Timothy P. Sullivan
About Timothy P. Sullivan
Independent director of Option Care Health since 2015 (served on the legacy Option Care board pre‑merger); age 67. Sullivan is Vice Chair (since 2024), former Co‑CEO (2023–2024), Co‑President (2022–2023), and Co‑Founder/Managing Director/Co‑Head of Health Care (1992–2022) at Madison Dearborn Partners (MDP).
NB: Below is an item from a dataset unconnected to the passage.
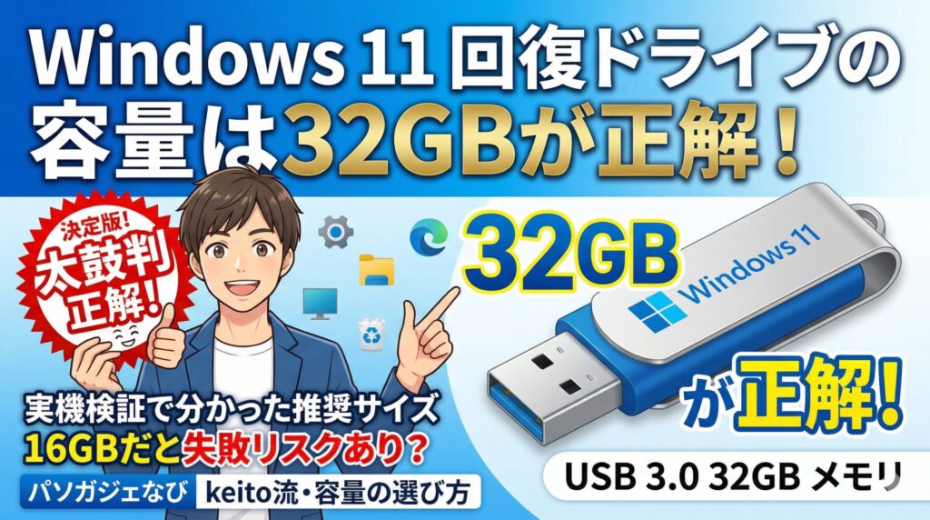 いかがでしたでしょうか。Windows11の回復ドライブ作成におけるUSBメモリ容量の選び方や、エラー対策について詳しく解説してきました。16GBの表示に惑わされず、最初から32GBの標準的なUSBメモリを選ぶことが、一番のトラブル回避への近道だと分かっていただけたかなと思います。

He holds a B.S. from the United States Naval Academy, an M.S. from the University of Southern California, and an M.B.A. from Stanford GSB .
Past Roles
| Organization | Role | Tenure | Committees/Impact |
|---|---|---|---|
| Madison Dearborn Partners (MDP) | Vice Chair; prior Co‑CEO; Co‑President; Co‑Founder/Managing Director/Co‑Head of Health Care | 2024–present (Vice Chair); earlier roles 1992–2024 | Led healthcare investing; governance across portfolio companies . |
| Option Care Health (legacy board) | Director | 2015–2019 (pre‑BioScrip merger) | Board service prior to public company combination . |
External Roles
| Organization | Role | Tenure | Notes |
|---|---|---|---|
| Advanced Personnel Management (APM) | Director (private) | As disclosed through 2023 | Healthcare services; not a public company . |
| Kaufman, Hall & Associates | Director (private) | As disclosed through 2023 | Healthcare advisory/analytics . |
| Syntellis Performance Solutions | Director (private) | As disclosed through 2023 | Enterprise performance management (healthcare focus) . |
| Solis Mammography | Director (private) | As disclosed through 2023 | Specialty provider; imaging . |
| Other U.S. public company boards | None | — | No current U.S. public company directorships . |
Board Governance
| Item | Detail |
|---|---|
| Independence | Board determined Sullivan independent under Nasdaq standards; all committee members independent; CEO the only non‑independent director . |
| Committee assignments (current) | Compensation Committee member (4 meetings in 2024) . |
| Prior committee leadership | Chaired Compensation Committee in 2023; transitioned to member role by 2024 . |
| Attendance | In 2024, Board met 5 times; each director attended ≥75% of Board and applicable committee meetings; all directors present at 2024 annual meeting . |
| Engagement | Board conducts annual self‑evaluations; independent Chair; quarterly executive sessions; stockholder engagement program (Comp Committee Chair led several meetings in 2024) . |
Fixed Compensation
| Component | 2024 Program | Notes |
|---|---|---|
| Board annual cash retainer | $100,000 | Increased from $80,000 in 2023 . |
| Committee member fees | Audit $11,000; Finance $5,000; Other committees $7,500 | Per‑committee member retainers . |
| Committee chair fees | Audit $30,000; Comp $20,000; NCG $20,000; Quality $20,000; Finance $15,000 | Chair retainers increased in 2024 . |
| Board Chair cash retainer | $125,000 | For independent Board Chair . |
| Director (2024) | Cash Fees ($) | Stock Awards ($) | Total ($) |
|---|---|---|---|
| Timothy P. Sullivan | 107,500 | 160,000 | 267,500 |
Additional notes:
- Directors received an annual RSU grant of $160,000 (May 2024), vesting in equal installments over three years; vesting accelerates on change‑in‑control or termination other than for cause .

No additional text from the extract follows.